Background
Sex-based differences in survival have been reported in non-small cell lung cancer (NSCLC). Traditional analyses using hazard ratios can be difficult to interpret in clinical terms because they do not directly convey absolute survival differences such as months of survival. Restricted mean survival time (RMST) offers a clinically interpretable measure of survival differences over a fixed time period. Additionally, attributable fraction (AF) analysis allows quantification of the contribution of a factor, such as sex, to cumulative mortality, providing complementary insight into sex-related survival disparities.

Objectives
To evaluate sex-based differences in overall survival among patients with primary NSCLC using RMST derived from flexible parametric survival models and to quantify the proportion of deaths attributable to excess mortality associated with male sex.

Methods
In this retrospective observational study, we identified adults diagnosed with primary NSCLC from 2011 to 2019, using Cancer Registry of the Aga Khan University Hospital (Karachi, Pakistan). Flexible parametric survival models were used to estimate sex-specific RMST (in months). Both unadjusted and adjusted models were fitted, with adjustment for relevant demographic and clinicopathological factors.
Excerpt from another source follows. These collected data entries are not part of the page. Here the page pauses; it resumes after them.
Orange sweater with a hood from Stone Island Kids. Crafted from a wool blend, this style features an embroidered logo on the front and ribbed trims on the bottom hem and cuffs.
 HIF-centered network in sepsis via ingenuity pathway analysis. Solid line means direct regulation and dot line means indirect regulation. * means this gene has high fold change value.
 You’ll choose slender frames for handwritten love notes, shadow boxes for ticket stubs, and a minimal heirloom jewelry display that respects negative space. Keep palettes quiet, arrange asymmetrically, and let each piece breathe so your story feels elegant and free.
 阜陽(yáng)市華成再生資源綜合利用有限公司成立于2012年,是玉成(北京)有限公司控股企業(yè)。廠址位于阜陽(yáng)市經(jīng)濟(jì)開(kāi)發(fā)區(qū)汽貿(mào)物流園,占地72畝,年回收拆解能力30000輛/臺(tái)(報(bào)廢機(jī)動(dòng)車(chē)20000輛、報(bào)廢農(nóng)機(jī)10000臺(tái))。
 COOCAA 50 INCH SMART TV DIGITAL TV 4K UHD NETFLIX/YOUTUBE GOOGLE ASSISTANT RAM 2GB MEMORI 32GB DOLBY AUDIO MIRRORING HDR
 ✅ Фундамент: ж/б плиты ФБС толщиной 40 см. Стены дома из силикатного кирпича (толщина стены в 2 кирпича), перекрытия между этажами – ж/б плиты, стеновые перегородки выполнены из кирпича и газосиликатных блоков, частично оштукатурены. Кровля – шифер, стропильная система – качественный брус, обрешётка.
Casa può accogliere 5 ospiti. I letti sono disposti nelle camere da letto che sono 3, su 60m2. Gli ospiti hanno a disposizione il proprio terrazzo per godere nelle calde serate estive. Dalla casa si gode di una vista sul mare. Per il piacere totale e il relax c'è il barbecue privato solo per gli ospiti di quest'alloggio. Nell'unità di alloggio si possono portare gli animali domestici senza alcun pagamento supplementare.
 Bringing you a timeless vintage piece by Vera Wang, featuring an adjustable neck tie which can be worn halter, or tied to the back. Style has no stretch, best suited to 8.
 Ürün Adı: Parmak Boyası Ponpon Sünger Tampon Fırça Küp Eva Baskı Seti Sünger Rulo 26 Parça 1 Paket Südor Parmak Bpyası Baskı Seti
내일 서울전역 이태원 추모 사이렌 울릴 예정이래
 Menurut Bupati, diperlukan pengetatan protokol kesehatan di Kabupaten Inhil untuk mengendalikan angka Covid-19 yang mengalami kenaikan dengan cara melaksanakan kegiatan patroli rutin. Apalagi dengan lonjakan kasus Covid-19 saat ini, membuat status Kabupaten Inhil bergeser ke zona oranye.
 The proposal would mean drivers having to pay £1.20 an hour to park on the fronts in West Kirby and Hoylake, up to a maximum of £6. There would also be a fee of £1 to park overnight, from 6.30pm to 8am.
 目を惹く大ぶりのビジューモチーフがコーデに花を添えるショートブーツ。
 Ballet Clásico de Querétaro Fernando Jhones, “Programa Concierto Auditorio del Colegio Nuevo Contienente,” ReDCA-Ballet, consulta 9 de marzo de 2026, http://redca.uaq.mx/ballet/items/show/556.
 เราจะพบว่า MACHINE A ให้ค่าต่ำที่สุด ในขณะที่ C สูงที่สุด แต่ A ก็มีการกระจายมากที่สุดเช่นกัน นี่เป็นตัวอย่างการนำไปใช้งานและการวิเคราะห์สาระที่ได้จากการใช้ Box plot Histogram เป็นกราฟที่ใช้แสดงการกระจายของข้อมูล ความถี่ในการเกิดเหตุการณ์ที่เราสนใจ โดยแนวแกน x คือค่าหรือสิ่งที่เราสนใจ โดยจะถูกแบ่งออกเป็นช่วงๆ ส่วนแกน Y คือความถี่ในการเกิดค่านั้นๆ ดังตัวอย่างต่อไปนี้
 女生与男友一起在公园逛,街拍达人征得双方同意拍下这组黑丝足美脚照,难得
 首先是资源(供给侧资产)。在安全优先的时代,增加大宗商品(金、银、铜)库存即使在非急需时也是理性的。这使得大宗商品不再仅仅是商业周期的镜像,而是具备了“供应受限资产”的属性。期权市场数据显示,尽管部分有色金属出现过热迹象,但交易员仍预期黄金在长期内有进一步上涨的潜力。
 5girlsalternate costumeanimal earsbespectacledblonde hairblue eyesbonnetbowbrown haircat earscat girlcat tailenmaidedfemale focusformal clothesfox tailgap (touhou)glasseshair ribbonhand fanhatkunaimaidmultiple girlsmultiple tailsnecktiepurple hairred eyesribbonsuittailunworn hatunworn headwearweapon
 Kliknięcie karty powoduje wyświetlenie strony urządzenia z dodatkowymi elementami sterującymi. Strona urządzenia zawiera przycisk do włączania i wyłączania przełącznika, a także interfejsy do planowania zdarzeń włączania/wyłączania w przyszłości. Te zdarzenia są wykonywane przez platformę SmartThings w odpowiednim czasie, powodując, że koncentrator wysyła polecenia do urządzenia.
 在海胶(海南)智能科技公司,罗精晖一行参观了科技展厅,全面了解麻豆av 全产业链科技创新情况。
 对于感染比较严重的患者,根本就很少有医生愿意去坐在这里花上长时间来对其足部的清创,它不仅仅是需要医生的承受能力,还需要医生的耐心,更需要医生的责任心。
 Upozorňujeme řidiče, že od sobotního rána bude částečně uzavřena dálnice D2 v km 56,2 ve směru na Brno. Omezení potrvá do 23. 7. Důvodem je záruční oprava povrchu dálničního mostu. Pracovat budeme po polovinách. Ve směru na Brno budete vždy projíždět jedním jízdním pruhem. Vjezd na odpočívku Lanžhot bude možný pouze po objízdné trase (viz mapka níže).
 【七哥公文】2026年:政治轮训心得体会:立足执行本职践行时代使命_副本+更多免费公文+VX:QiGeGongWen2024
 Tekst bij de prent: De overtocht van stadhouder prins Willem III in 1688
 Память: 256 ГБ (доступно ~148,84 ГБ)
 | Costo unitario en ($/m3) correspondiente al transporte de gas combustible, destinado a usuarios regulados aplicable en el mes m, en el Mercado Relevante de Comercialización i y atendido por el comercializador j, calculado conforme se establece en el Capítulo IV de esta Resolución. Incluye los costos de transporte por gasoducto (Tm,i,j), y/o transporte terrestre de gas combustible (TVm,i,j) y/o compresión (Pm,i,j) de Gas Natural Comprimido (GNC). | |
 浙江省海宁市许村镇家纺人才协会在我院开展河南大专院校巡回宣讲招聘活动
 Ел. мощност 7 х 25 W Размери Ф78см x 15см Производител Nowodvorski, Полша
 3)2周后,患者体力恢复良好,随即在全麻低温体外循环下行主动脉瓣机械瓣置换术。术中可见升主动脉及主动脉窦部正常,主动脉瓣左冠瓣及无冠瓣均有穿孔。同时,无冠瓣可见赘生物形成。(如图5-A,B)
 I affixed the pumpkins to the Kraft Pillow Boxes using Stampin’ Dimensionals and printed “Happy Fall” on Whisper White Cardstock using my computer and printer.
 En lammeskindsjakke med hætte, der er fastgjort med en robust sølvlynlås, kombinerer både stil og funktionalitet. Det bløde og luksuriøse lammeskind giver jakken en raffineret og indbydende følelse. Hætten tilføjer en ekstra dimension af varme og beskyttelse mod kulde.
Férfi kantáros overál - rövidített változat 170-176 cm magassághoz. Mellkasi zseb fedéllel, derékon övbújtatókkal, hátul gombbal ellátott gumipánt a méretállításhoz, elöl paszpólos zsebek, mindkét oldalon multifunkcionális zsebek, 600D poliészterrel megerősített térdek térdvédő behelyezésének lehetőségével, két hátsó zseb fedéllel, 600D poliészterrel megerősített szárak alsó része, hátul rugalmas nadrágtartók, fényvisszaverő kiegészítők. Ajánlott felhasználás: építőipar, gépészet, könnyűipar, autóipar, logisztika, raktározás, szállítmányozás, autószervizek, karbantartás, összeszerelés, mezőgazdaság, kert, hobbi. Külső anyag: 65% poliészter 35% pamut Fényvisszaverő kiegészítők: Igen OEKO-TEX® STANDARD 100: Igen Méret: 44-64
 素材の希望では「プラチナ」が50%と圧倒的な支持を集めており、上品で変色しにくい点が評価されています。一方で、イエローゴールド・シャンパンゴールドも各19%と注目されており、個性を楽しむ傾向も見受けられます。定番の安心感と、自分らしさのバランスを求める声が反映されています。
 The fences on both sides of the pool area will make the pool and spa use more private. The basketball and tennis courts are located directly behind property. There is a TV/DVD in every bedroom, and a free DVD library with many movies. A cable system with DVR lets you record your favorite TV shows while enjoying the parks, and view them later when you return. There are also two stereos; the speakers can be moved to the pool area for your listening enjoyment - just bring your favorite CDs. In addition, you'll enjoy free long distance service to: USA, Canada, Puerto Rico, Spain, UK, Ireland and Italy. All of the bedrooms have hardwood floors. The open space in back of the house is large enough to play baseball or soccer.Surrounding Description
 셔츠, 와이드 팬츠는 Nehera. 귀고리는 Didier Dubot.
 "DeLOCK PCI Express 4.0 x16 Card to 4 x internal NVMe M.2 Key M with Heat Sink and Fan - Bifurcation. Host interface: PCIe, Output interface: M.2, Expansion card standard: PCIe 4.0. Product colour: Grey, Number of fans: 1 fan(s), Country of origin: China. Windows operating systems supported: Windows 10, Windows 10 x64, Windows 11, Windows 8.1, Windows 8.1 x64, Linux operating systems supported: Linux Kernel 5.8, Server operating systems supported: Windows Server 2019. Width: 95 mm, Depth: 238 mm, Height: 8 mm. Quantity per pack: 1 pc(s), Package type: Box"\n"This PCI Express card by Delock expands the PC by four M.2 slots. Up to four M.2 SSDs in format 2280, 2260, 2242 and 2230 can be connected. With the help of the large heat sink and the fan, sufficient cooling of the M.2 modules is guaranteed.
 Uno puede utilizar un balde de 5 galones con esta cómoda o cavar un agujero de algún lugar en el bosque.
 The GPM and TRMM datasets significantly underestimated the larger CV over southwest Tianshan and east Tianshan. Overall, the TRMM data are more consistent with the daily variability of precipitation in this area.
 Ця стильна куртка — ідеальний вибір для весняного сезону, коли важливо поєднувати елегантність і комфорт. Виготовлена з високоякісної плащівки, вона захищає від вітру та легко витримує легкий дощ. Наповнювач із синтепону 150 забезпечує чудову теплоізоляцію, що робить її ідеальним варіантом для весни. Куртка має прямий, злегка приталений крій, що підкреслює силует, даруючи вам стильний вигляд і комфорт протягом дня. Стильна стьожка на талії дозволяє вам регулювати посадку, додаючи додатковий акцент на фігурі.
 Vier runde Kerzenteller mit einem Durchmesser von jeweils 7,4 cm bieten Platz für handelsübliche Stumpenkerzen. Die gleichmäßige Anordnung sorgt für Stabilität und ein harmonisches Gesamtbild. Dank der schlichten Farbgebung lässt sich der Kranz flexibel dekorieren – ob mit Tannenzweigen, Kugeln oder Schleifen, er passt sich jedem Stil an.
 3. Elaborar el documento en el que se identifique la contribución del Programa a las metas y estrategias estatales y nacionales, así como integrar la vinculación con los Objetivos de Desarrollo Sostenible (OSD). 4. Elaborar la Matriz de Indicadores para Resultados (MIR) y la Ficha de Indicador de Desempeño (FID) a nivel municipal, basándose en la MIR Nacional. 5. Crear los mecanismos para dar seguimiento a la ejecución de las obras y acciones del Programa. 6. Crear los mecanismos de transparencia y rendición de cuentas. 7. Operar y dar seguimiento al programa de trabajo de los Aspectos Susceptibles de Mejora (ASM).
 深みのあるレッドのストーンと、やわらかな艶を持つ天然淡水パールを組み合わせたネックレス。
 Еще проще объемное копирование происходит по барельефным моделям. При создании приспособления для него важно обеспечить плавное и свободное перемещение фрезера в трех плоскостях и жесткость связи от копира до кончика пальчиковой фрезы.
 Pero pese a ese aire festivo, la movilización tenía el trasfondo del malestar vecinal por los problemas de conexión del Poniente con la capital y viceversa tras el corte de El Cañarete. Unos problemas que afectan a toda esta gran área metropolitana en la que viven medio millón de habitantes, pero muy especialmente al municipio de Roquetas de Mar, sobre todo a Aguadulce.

Subgroup analyses were performed among patients with metastatic NSCLC. Sensitivity analyses using multivariable Cox proportional hazards models were conducted to assess robustness of findings. AF analyses were performed within the flexible parametric framework. AF was interpreted etiologically as the proportion of deaths attributable to excess mortality associated with male sex. All the analyses were conducted using Stata version 17.0.

Results
Among 867 primary NSCLC patients, females comprised 26.00% (n=225). Age at diagnosis, tobacco use, alcohol use, and tumor histology differed between sexes. In the overall NSCLC cohort, females consistently had longer survival than males across all time points. At 12 months, adjusted RMST was 10.19 months for females versus 9.47 months for males, and at 60 months, 31.15 months versus 24.70 months, corresponding to an adjusted RMST difference of 0.72 months at 12 months and 6.45 months at 60 months. Similar patterns were observed in the metastatic subgroup, with adjusted RMST of 9.69 versus 8.90 months at 12 months, and 26.13 versus 20.36 months at 60 months (differences: 0.79 and 5.76 months, respectively). Sensitivity analyses using multivariable Cox regression confirmed these findings. In the overall cohort, males had a significantly higher hazard of death (HR 1.43; 95% CI: 1.07–1.92; p=0.017), while in metastatic patients, the hazard was directionally higher but borderline significant (HR 1.37; 95% CI: 0.99–1.91; p=0.058). In AF analysis, for the overall cohort, AF declined from 21% at 12 months to 8% at 60 months. In metastatic patients, AF decreased from 18% at 12 months to 5% at 60 months, indicating that male sex contributed to excess mortality early after diagnosis, with effects persisting over time.

Conclusions
In conclusion, across both overall and metastatic cohorts, adjusted RMST and Cox analyses consistently demonstrated longer survival for females, and AF analysis confirmed that male sex contributed to excess mortality. These findings underscore the need to account for sex as an integral variable in future lung cancer research and clinical decision-making.